# Cleaning Silicone Hose



## Jye (28/4/08)

Ive been using silicone hose for a while now and every time I look in through the end I cringe :blink: Its not the staining that Im worried about but the beer stone. Ive used caustic on the kettle and hose before but the stone still needs a bit of a scrub to remove it, which obviously cant be done with the hose.

So whats the best chemical method of removing it? Ive read breweries use a caustic wash followed by an acid wash (phos) but I have my doubt whether that will work unless I have a large flow rate through the hose to dislodge the beer stone.

Any experiences?

Cheers
Jye


----------



## SpillsMostOfIt (28/4/08)

I would have thought that a bit of a soak in some acid wash would do the trick - it does beautifully for my stainless stuff. Why would it not work for silicon?
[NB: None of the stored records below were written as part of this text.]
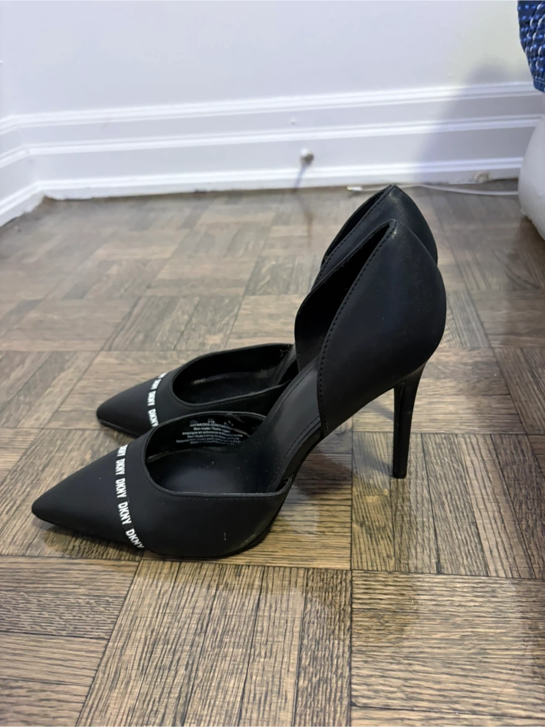 Stylish DKNY black pumps, size 10. These heels feature a classic pointed toe with the brand's logo tape detail around the vamp. They're a versatile choice for dressing up or down.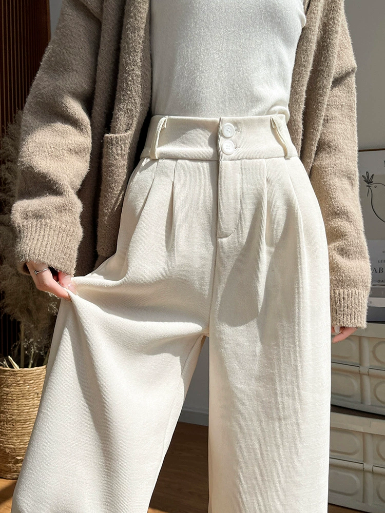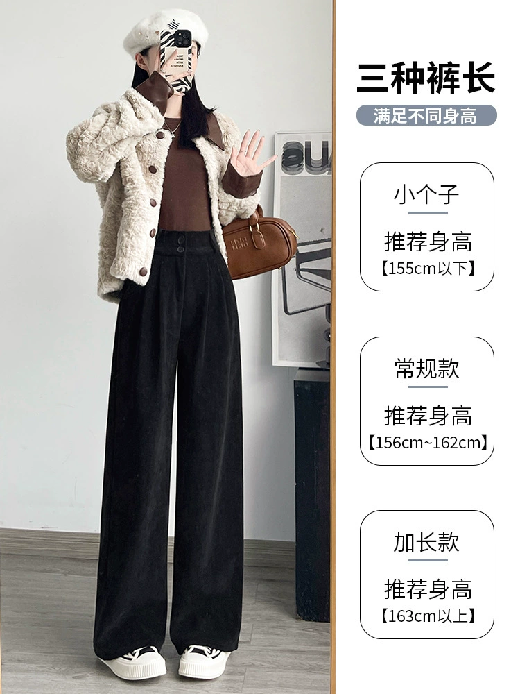 Coffee-colored corduroy wide-leg pants for women, autumn and winter 2025 new style, lined, narrow version, straight-cut, with a good draping effect, suitable for petite figures, western-style pants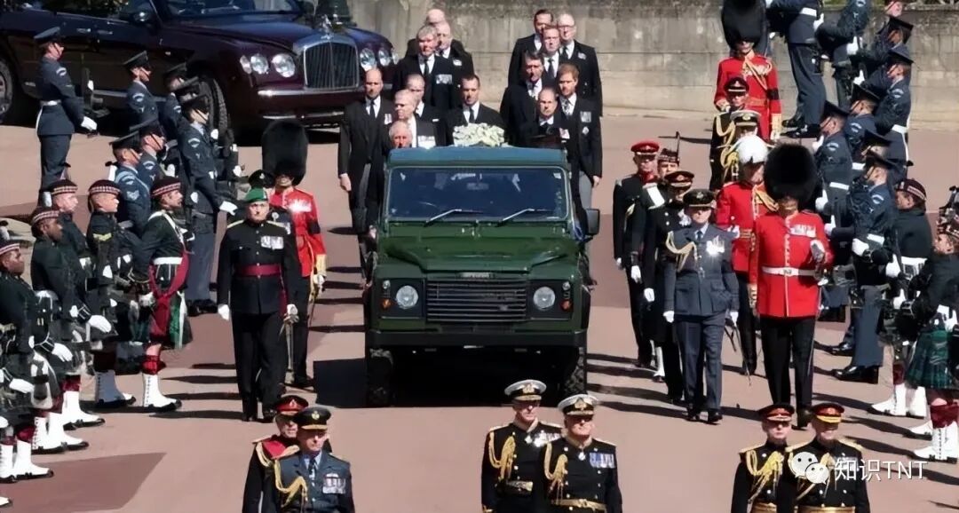灵车是由路虎改装的,由菲利普亲王设计,送葬的人员走在棺材后面。查尔斯王子和安妮公主走在前面,随后是爱德华王子和一众王室成员。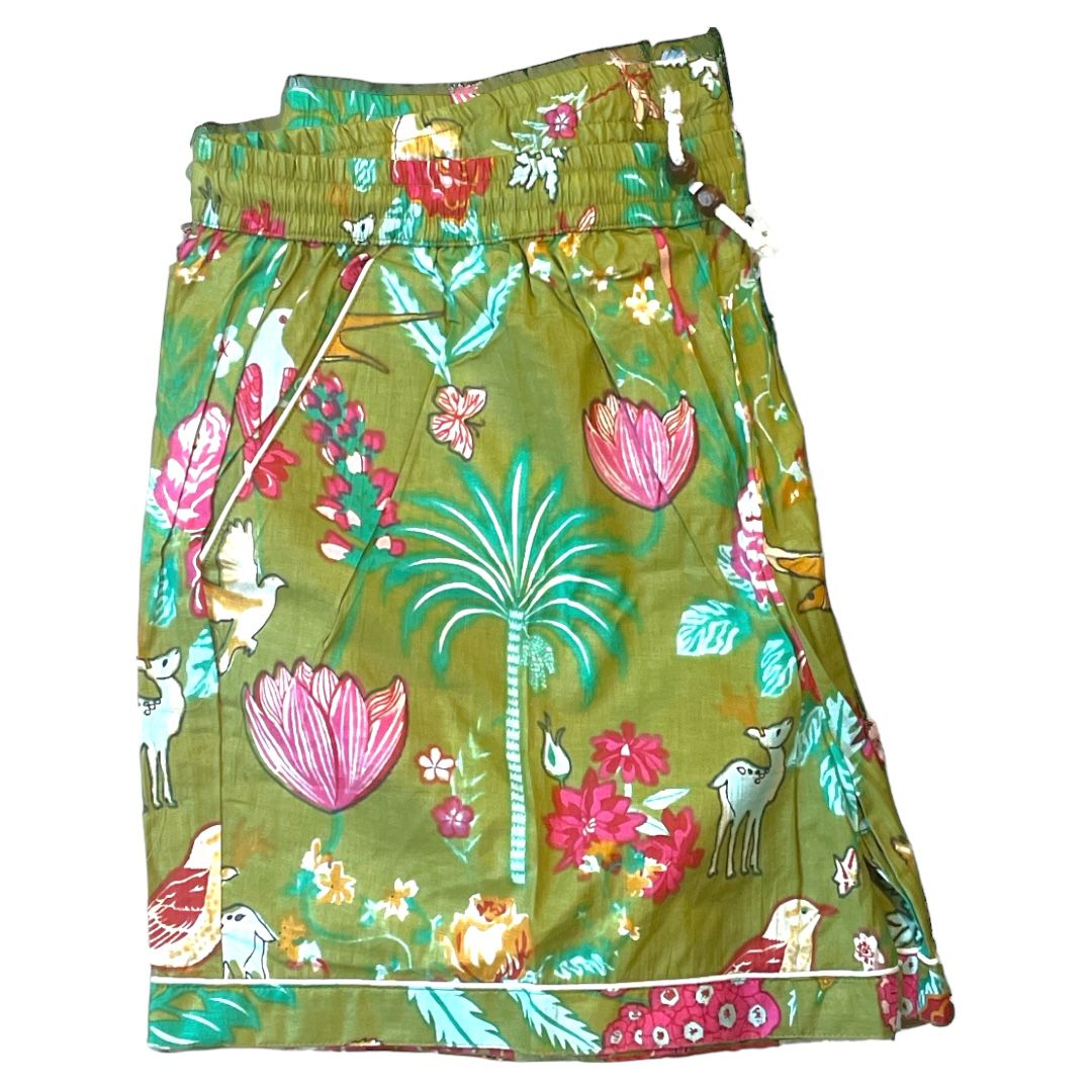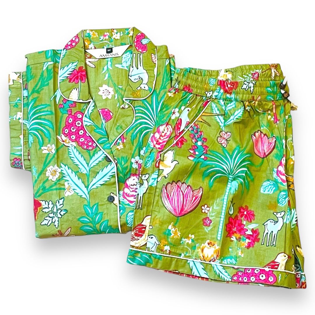 - Reminiscent of old pajama designs, the short sleeved top has a button-down construction with a classic collar. The elastic waistband of the matching pocket shorts ensures a snug fit and maximum comfort.

Sure, it might take a short soak, but...

Or am I missing the point of your question?


----------



## Adamt (28/4/08)

Hmm....

Maybe some sort of cleaning solution, rice gulls, and a lot of shaking? That would create the turbulence and some physical scrubbing action without damage to the inner walls of the pipe. Maybe even some gravel depending how tough it is.


----------



## Zwickel (28/4/08)

Jye said:


> So whats the best chemical method of removing it? Ive read breweries use a caustic wash followed by an acid wash (phos) but I have my doubt whether that will work unless I have a large flow rate through the hose to dislodge the beer stone.
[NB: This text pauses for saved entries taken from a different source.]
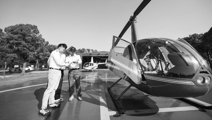 11月5日,在湖州米旗通航直升机飞行基地,飞行教员(右一)带领学员进行日常培训。湖州米旗通航服务有限公司是一家民营公司,专注于低空经济赛道的商业探索,在南太湖开启体验飞行、空中广告、空中拍摄和私用驾驶员执照培训等飞行项目。该企业于2024年5月在湖州太湖南岸成立飞行基地,为游客提供假期“坐直升机看太湖”“开直升机去吃大闸蟹”等创意玩法,这一新业态吸引了周边的亲子家庭和年轻人、企业团建打卡。近年来,浙江省湖州市吴兴高新区充分发挥毗邻太湖的地理优势,推进低空经济发展,助力太湖新溇港农文旅和全域旅游绿色高质量发展,通过融入太湖风情、弘扬溇港文化,全面引进新经济、新项目,本土美食、休闲营地、度假庄园、暖村宿集等文旅精品项目沿着滨湖大道拔地而起,吸引越来越多的游客来太湖边休闲度假和亲子研学。新华社记者徐昱/摄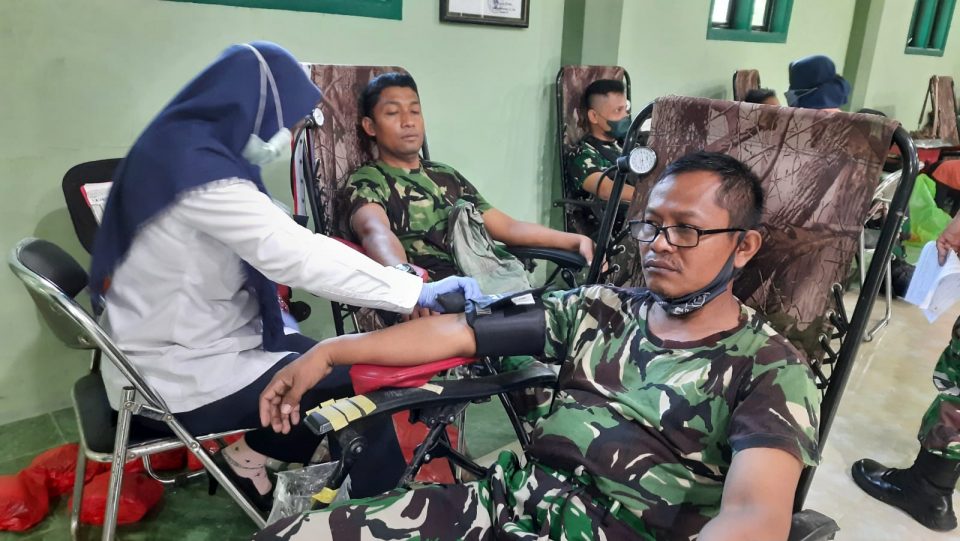 PAMEKASAN, IndonesiaPos – puluhan prajurit Kodim 0826 Pamekasan bekerjasama dengan PMI menggelar donor darah di Aula Makodim setempat, pada Senin (06/06/2022).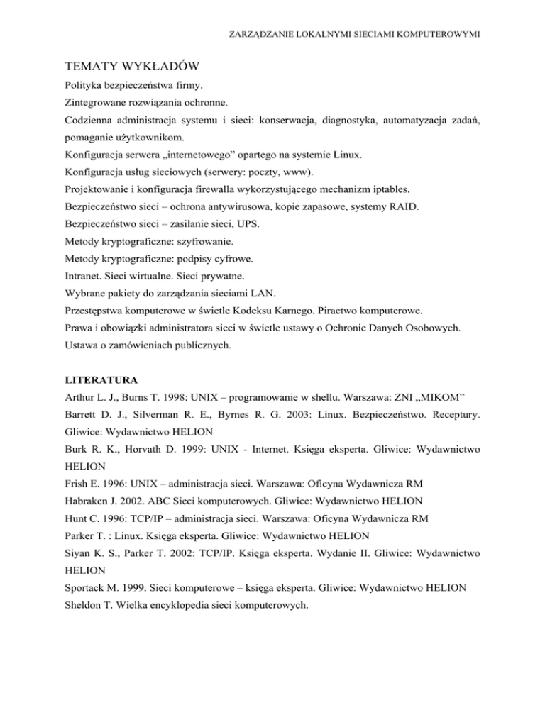 ZARZĄDZANIE LOKALNYMI SIECIAMI KOMPUTEROWYMI TEMATY WYKŁADÓW Polityka bezpieczeństwa firmy. Zintegrowane rozwiązania ochronne. Codzienna administracja systemu i sieci: konserwacja, diagnostyka, automatyzacja zadań, pomaganie użytkownikom. Konfiguracja serwera „internetowego” opartego na systemie Linux. Konfiguracja usług sieciowych (serwery: poczty, www). Projektowanie i konfiguracja firewalla wykorzystującego mechanizm iptables. Bezpieczeństwo sieci – ochrona antywirusowa, kopie zapasowe, systemy RAID. Bezpieczeństwo sieci – zasilanie sieci, UPS. Metody kryptograficzne: szyfrowanie. Metody kryptograficzne: podpisy cyfrowe. Intranet. Sieci wirtualne. Sieci prywatne. Wybrane pakiety do zarządzania sieciami LAN. Przestępstwa komputerowe w świetle Kodeksu Karnego. Piractwo komputerowe. Prawa i obowiązki administratora sieci w świetle ustawy o Ochronie Danych Osobowych. Ustawa o zamówieniach publicznych. LITERATURA Arthur L. J., Burns T. 1998: UNIX – programowanie w shellu. Warszawa: ZNI „MIKOM” Barrett D. J., Silverman R. E., Byrnes R. G. 2003: Linux. Bezpieczeństwo. Receptury. Gliwice: Wydawnictwo HELION Burk R. K., Horvath D. 1999: UNIX - Internet. Księga eksperta. Gliwice: Wydawnictwo HELION Frish E. 1996: UNIX – administracja sieci. Warszawa: Oficyna Wydawnicza RM Habraken J. 2002. ABC Sieci komputerowych. Gliwice: Wydawnictwo HELION Hunt C. 1996: TCP/IP – administracja sieci. Warszawa: Oficyna Wydawnicza RM Parker T. : Linux. Księga eksperta. Gliwice: Wydawnictwo HELION Siyan K. S., Parker T. 2002: TCP/IP. Księga eksperta. Wydanie II. Gliwice: Wydawnictwo HELION Sportack M. 1999. Sieci komputerowe – księga eksperta. Gliwice: Wydawnictwo HELION Sheldon T. Wielka encyklopedia sieci komputerowych.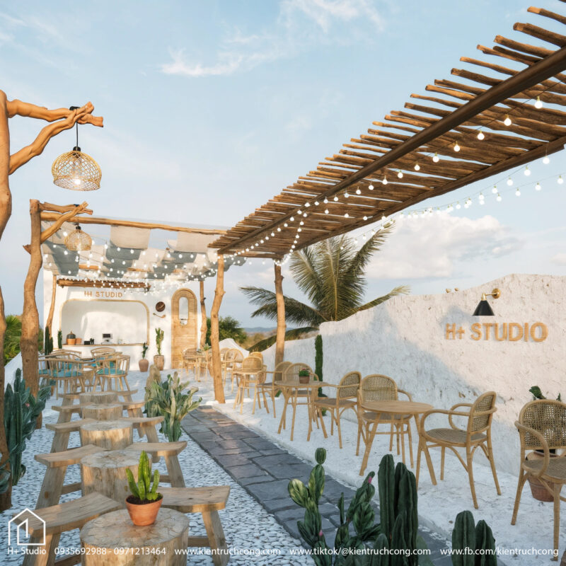Với thiết kế mộc mạc và gần gũi, quán cafe này mang đến cảm giác thư giãn tuyệt đối, nơi bạn có thể tận hưởng tách cà phê thơm ngon giữa khung cảnh xanh mát và kiến trúc đầy tinh tế.

as you said, acid is the go. Im using citric acid. What about if you leave your tubes over night soaked in citric acid?
Citric acid is easy to get, its the stuff to decalcify coffee machines etc.


----------



## Jye (28/4/08)

Zwickel what concentration are you using and is this the same citric acid you can get from the supermarket?


----------



## Zwickel (28/4/08)

yeah, citric acid one can get on supermarkets, but that little amounts are far too expensive, better to have a search at ebay.
For example, I got 25kg for around A$30, thats alittle bit more than A$1 for one kilo.
If you buy the same stuff for your kitchen machines, youd pay exorbitant more for it.
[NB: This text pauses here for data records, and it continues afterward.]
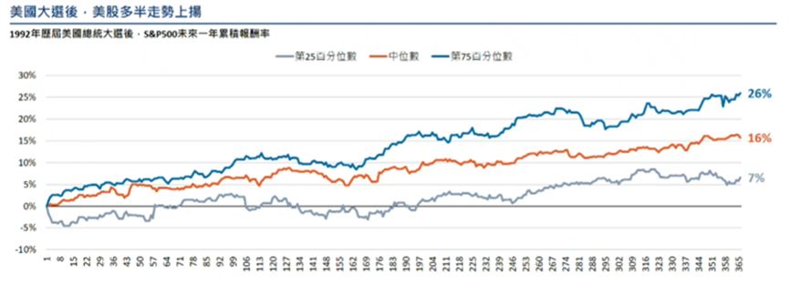 美國總統大選塵埃落定,美股四大指數攜手上演慶祝行情,其實從1992年以來的歷屆美國總統大選,可以看出大選過後,在不確定性消除下,股市上攻壓力獲得緩解,S&P 500指數未來一年累積報酬率少則7%,多則26%,平均可達16%水準,顯示大選後一年美股上漲機率高(圖)。凱基投信表示,在經濟有望軟著陸、降息循環啟動、AI行情持續帶動下,大選後股市可望重回上升軌道,惟目前個別產業利多尚待新任總統確認政策實施方向;透過全產業布局,可一次網羅所有產業機會。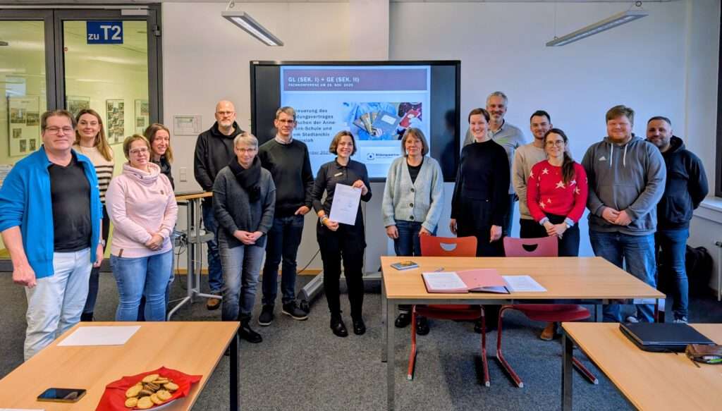 Gütersloh (gpr). Das Stadtarchiv Gütersloh und die Anne-Frank-Gesamtschule haben offiziell die Erneuerung und Weiterführung der Bildungspartnerschaft besiegelt. Ziel der Kooperation ist es, Schülerinnen und Schülern einen vertieften Zugang zur lokalen Geschichte, zur Arbeit mit historischen Quellen sowie zu Themen der Demokratiebildung zu ermöglichen. Die Vereinbarung sieht vor, künftig regelmäßig projektorientierte Workshops, Archivführungen und Unterrichtsmodule gemeinsam zu entwickeln. Dabei sollen historische Themen mit aktuellen gesellschaftlichen Fragen verknüpft und die jungen Menschen zu kritischem Denken und aktiver Teilhabe befähigt werden.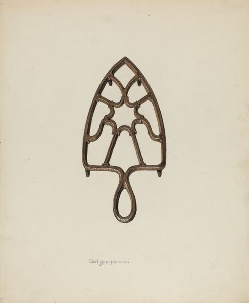 Editor: This drawing, called "Trivet" by Ardella Watkins, dates to around 1942 and is made with pencil and graphite. It's so detailed and realistic. What strikes you when you look at it? Curator: It's interesting how Watkins chose to depict such a mundane object. We should consider the material realities here. A trivet exists to protect surfaces from heat – a practical tool of domestic labor. Editor: So, you see it as a commentary on domestic work? Curator: Not just that, but on the materials and processes behind the trivet itself. Someone designed and produced this object. Watkins, in turn, renders that labor in her own way, with graphite. There's a chain of production, isn't there? Think of where the materials come from for each stage: the trivet, the graphite. How labor-intensive these stages may or may not be. The value is interesting. What do you think she is trying to convey? Editor: I suppose she’s drawing attention to the unseen labor that supports our everyday lives. It makes me wonder who designed the original trivet and how mass production affects artistic value. Is the drawing worth more than the trivet itself? Curator: Exactly. We elevate the "art" but often ignore the design and manufacturing involved in even simple, functional items. Editor: I never considered looking at art this way! Thinking about the labor and material history adds a whole new layer to something as simple as a trivet drawing. Curator: Indeed. It forces us to question the boundaries between art, craft, and industry. The making of the trivet, the means through which Watkins then renders it. A reflection of all labor and design processes, from its physical making, all the way through this moment.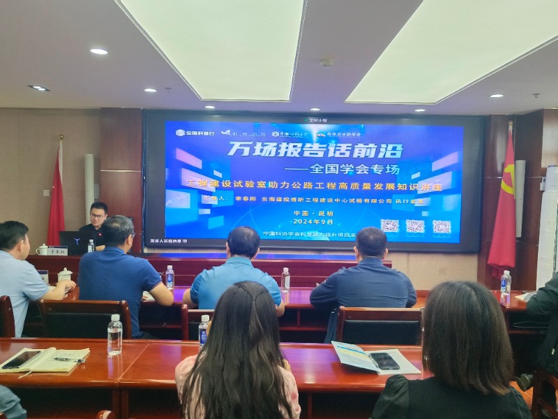“2024年全國科普公路知識普及宣傳活動”采用圖文并茂的形式,生動講述了公路發展簡述、工程材料質量檢測與控制、工程實體檢測與監測、運營期公路養護檢測及監測、公路檢測發展展望五個方面內容。全體參會人到云南建投博昕工程建設中心試驗有限公司進行實地觀摩,直觀了解試驗室的設備配置、先進檢測技術、工作流程和實驗操作,增強參訓人員對試驗室在工程質量控制中關鍵作用的認識。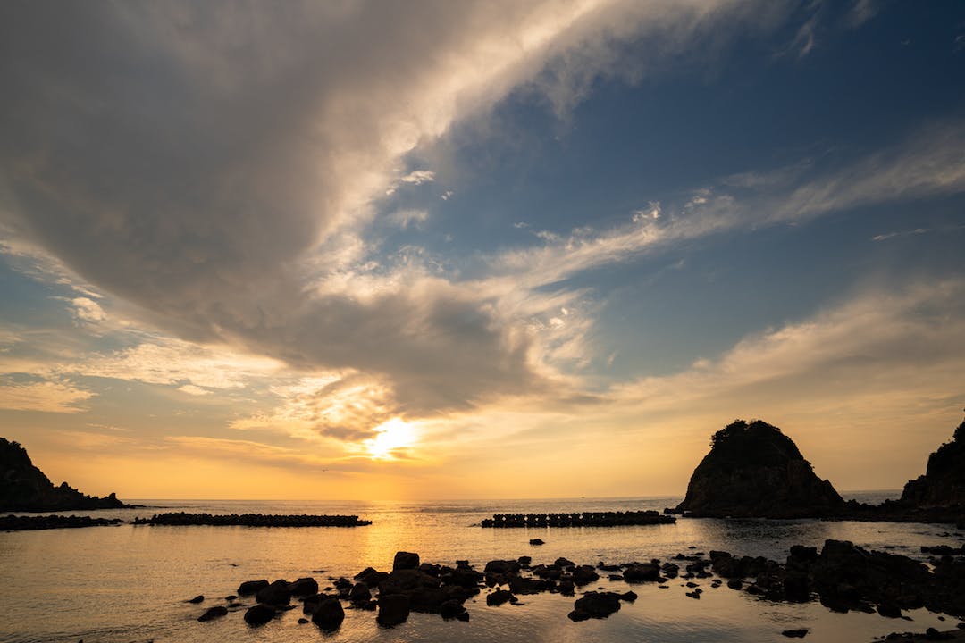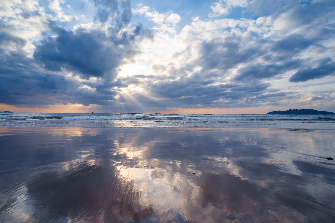 「国譲り神話」の舞台となった稲佐の浜。今でも旧暦10月10日には日没を待って、出雲大社の神職が全国から参集される 八百万やおよろず の神々をお迎えする「 神迎神事」がこの稲佐の浜で執り行われています。訪れたのは今回で二回目ですが、稲佐の浜は夕日の絶景地だったのですね。

So if you are using citric acid everytime you brew, youd need a solution of 0.2 or 0.3% only, but if you do it once in a while, you should use a 5% solution.

Cheers

I forgot to say, basically the concentration depends on the hardness of your brewater. Very hard water needs a higher concentration.


----------



## Andyd (28/4/08)

I hook all my pipes into a line with hose couplers and then run a citric acid solution through them all with my march pump for about 10 minutes. Seems to do the trick.


----------



## Zwickel (28/4/08)

wow, also the price for citric acid rose enormously, last year Ive paid for a sack of 25kg about 22 Euro, today it costs 37 Euro.

for example: http://cgi.ebay.de/25-kg-Zitronensaeure-Le...9QQcmdZViewItem

What is going on with prices these days


----------



## 0M39A (29/4/08)

Buy some more hose?

lol, if its bothering you that much, its cheap enough to replace it.


----------



## FNQ Bunyip (29/4/08)

What about some sort off a pull through, Like cleaning a rifle.

I have done this with the old vinly tube befor,, but now have my pump and new silicon hose to play with..

Cheers


----------



## Jye (21/7/08)

Well it turns out nothing worked  until I scored some PBW  

I heated it up as per the instructions and as you can see from the pic it worked a treat. I no longer fear looking in the tube or through my tap since they are now sparkling clean, YAY  

The next step is to make a spray ball to clean the entire kettle without filling it with water.

I love this stuff :wub:


----------



## kabooby (21/7/08)

Whats PBW?

Edit: Found it on google, powdered brewers wash.


----------



## Jye (21/7/08)

Powdered Brewery Wash


----------



## deadly (21/7/08)

Anyone sell it here,where did you get it from please.


----------



## Jye (21/7/08)

The one and only Craftbrewer


----------



## mika (21/7/08)

What's it hidden under on their site ?


----------



## Frank (21/7/08)

I can't find it either. Can find Starsan, but it is sold out at the moment.



Jye said:


> The one and only Craftbrewer






mika said:


> What's it hidden under on their site ?


----------



## sanders4_ (21/7/08)

Not sure if it would work on really caked on beer stone in a hose, but i use Coopers sanitiser, which is terrible sanitiser, but being pure sodium percarbonate it cleans really well. I use it to get my kettle clean of beer stone, just have to let it soak for a while.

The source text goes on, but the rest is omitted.